Collected material:

== Segment start ==

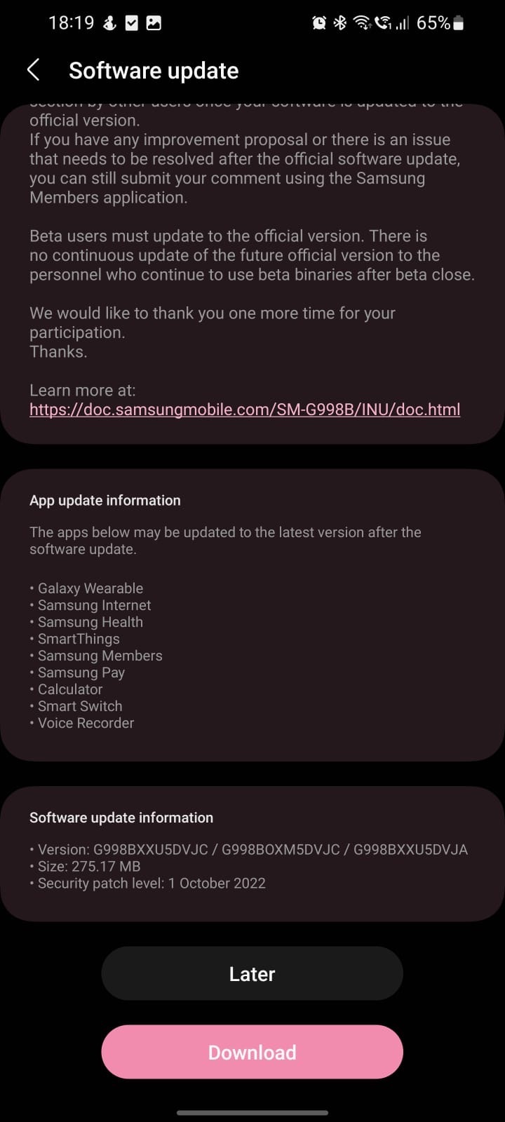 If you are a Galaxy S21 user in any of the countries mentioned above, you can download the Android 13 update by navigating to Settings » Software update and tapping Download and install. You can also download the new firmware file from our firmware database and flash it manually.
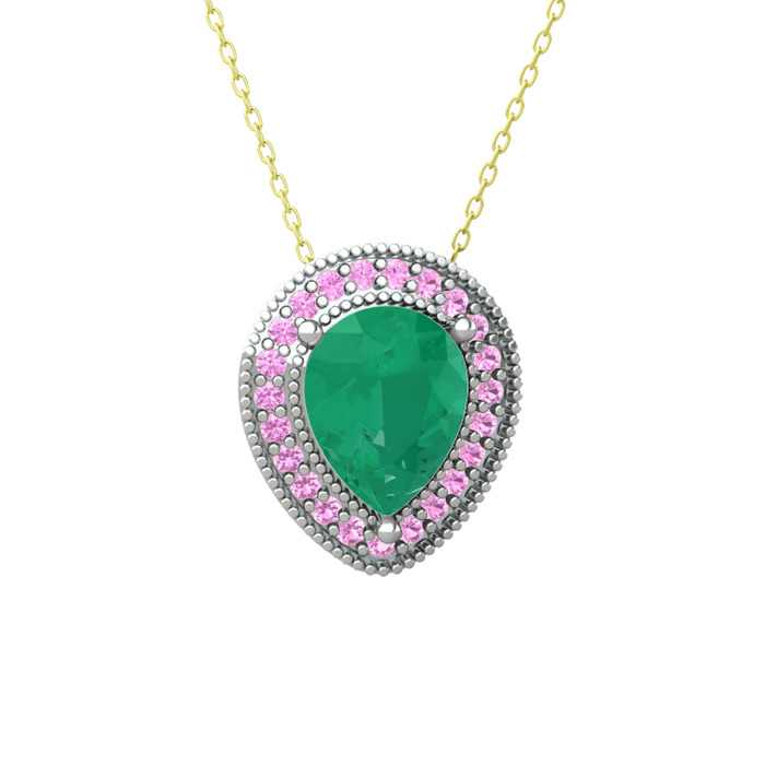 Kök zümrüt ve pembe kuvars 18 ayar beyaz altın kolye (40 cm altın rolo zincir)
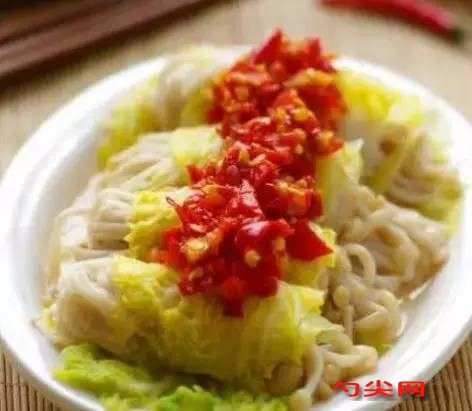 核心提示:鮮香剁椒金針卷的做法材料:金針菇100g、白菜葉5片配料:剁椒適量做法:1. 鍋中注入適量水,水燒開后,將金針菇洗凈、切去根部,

== Segment end ==

Task directions: Reprint all the data above verbatim, excluding pictures.

Written response:
 If you are a Galaxy S21 user in any of the countries mentioned above, you can download the Android 13 update by navigating to Settings » Software update and tapping Download and install. You can also download the new firmware file from our firmware database and flash it manually.
 Kök zümrüt ve pembe kuvars 18 ayar beyaz altın kolye (40 cm altın rolo zincir)
 核心提示:鮮香剁椒金針卷的做法材料:金針菇100g、白菜葉5片配料:剁椒適量做法:1. 鍋中注入適量水,水燒開后,將金針菇洗凈、切去根部,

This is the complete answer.